Another apparatus for fine-tuning a user-specific ML model is described. The apparatus may include means for receiving, from a first user and a second user of a set of multiple users, a first set of data associated with the first user and a second set of data associated with the second user, where a size of the second set of data is different from a size of the first set of data, means for inputting the first set of data and the second set of data into a probabilistic mixture model to obtain a set of global training parameters associated with the set of multiple users, the set of global training parameters including a first parameter associated with cluster proportions, a second parameter associated with cluster means, and a third parameter associated with a cluster covariance, and means for generating at least one updated global training parameter for training a first ML model associated with the first user and at least one updated global training parameter for training a second ML model associated with the second user, where a quantity of updated global training parameters generated for training a respective ML model associated with a respective user is based on a size of a set of data associated with the respective user.

A non-transitory computer-readable medium storing code for fine-tuning a user-specific ML model is described. The code may include instructions executable by one or more processors to receive, from a first user and a second user of a set of multiple users, a first set of data associated with the first user and a second set of data associated with the second user, where a size of the second set of data is different from a size of the first set of data, input the first set of data and the second set of data into a probabilistic mixture model to obtain a set of global training parameters associated with the set of multiple users, the set of global training parameters including a first parameter associated with cluster proportions, a second parameter associated with cluster means, and a third parameter associated with a cluster covariance, and generate at least one updated global training parameter for training a first ML model associated with the first user and at least one updated global training parameter for training a second ML model associated with the second user, where a quantity of updated global training parameters generated for training a respective ML model associated with a respective user is based on a size of a set of data associated with the respective user.

Some examples of the method, apparatus, and non-transitory computer-readable medium described herein may further include operations, features, means, or instructions for receiving, from the first user, the second user, or both, an indication of an update to the first set of data, the second set of data, or both, where the quantity of updated global training parameters generated for the first user, the second user, or both may be based on the update to the first set of data, the second set of data, or both.

In some examples of the method, apparatus, and non-transitory computer-readable medium described herein, the update to the first set of data, the second set of data, or both includes an addition of one or more data items, a removal of one or more data items, or both.

Some examples of the method, apparatus, and non-transitory computer-readable medium described herein may further include operations, features, means, or instructions for receiving, from a third user, a request to generate a ML model for the third user, where the third user lacks a third set of data and training a third ML model for the third user using the set of global training parameters obtained from inputting the first set of data associated with the first user and the second set of data associated with the second user into the probabilistic mixture model.

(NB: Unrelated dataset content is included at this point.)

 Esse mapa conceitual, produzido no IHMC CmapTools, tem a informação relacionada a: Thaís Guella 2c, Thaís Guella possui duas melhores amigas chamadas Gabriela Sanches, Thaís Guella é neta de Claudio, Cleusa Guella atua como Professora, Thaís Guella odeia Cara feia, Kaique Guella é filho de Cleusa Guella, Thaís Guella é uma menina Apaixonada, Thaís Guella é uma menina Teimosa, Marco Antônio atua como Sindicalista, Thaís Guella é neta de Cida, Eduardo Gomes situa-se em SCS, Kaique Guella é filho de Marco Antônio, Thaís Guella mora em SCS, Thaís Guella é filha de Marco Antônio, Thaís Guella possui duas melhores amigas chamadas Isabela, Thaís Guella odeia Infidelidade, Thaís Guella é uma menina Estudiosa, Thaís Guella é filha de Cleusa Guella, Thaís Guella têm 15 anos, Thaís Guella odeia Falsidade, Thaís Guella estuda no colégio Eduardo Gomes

Some examples of the method, apparatus, and non-transitory computer-readable medium described herein may further include operations, features, means, or instructions for generating, based on receiving the first set of data and the second set of data, a combined set of data that includes the first set of data associated with the first user and the second set of data associated with the second user, where inputting the first set of data and the second set of data into the probabilistic mixture model includes inputting the combined set of data into the probabilistic mixture model.

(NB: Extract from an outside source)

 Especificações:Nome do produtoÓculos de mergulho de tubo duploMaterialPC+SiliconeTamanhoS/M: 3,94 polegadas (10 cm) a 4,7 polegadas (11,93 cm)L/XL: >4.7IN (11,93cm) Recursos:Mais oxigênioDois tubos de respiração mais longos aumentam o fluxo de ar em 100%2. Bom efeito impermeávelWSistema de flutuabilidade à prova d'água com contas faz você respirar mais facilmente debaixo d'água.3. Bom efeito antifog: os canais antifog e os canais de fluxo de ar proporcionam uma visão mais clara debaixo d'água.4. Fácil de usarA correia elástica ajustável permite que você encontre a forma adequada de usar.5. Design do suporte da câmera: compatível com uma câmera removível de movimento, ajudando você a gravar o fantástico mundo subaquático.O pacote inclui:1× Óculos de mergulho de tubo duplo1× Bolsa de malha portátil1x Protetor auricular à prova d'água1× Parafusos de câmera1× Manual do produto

In some examples of the method, apparatus, and non-transitory computer-readable medium described herein, generating the at least one updated global training parameter may include operations, features, means, or instructions for performing a training parameter calibration procedure on at least one global training parameter using the set of data associated with the respective user.

Some examples of the method, apparatus, and non-transitory computer-readable medium described herein may further include operations, features, means, or instructions for training the respective ML model for the respective user using both the at least one updated global training parameter, a remainder of non-updated global training parameters, and the set of data associated with the respective user.

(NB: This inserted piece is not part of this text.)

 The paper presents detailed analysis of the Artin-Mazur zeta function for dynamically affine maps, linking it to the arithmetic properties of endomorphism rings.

In some examples of the method, apparatus, and non-transitory computer-readable medium described herein, the probabilistic mixture model may be a Gaussian mixture model.

In some examples of the method, apparatus, and non-transitory computer-readable medium described herein, the first user and the second user of the set of multiple users may be associated with a first tenant and a second tenant of a set of multiple tenants of a multi-tenant system.

The following provides an overview of aspects of the present disclosure:

Aspect 1: A method for fine-tuning a user-specific ML model, comprising: receiving, from a first user and a second user of a plurality of users, a first set of data associated with the first user and a second set of data associated with the second user, wherein a size of the second set of data is different from a size of the first set of data; inputting the first set of data and the second set of data into a probabilistic mixture model to obtain a set of global training parameters associated with the plurality of users, the set of global training parameters comprising a first parameter associated with cluster proportions, a second parameter associated with cluster means, and a third parameter associated with a cluster covariance; and generating at least one updated global training parameter for training a first ML model associated with the first user and at least one updated global training parameter for training a second ML model associated with the second user, wherein a quantity of updated global training parameters generated for training a respective ML model associated with a respective user is based at least in part on a size of a set of data associated with the respective user.

Aspect 2: The method of aspect 1, further comprising: receiving, from the first user, the second user, or both, an indication of an update to the first set of data, the second set of data, or both, wherein the quantity of updated global training parameters generated for the first user, the second user, or both is based at least in part on the update to the first set of data, the second set of data, or both.

Aspect 3: The method of aspect 2, wherein the update to the first set of data, the second set of data, or both comprises an addition of one or more data items, a removal of one or more data items, or both.

Aspect 4: The method of any of aspects 1 through 3, further comprising: receiving, from a third user, a request to generate a ML model for the third user, wherein the third user lacks a third set of data; and training a third ML model for the third user using the set of global training parameters obtained from inputting the first set of data associated with the first user and the second set of data associated with the second user into the probabilistic mixture model.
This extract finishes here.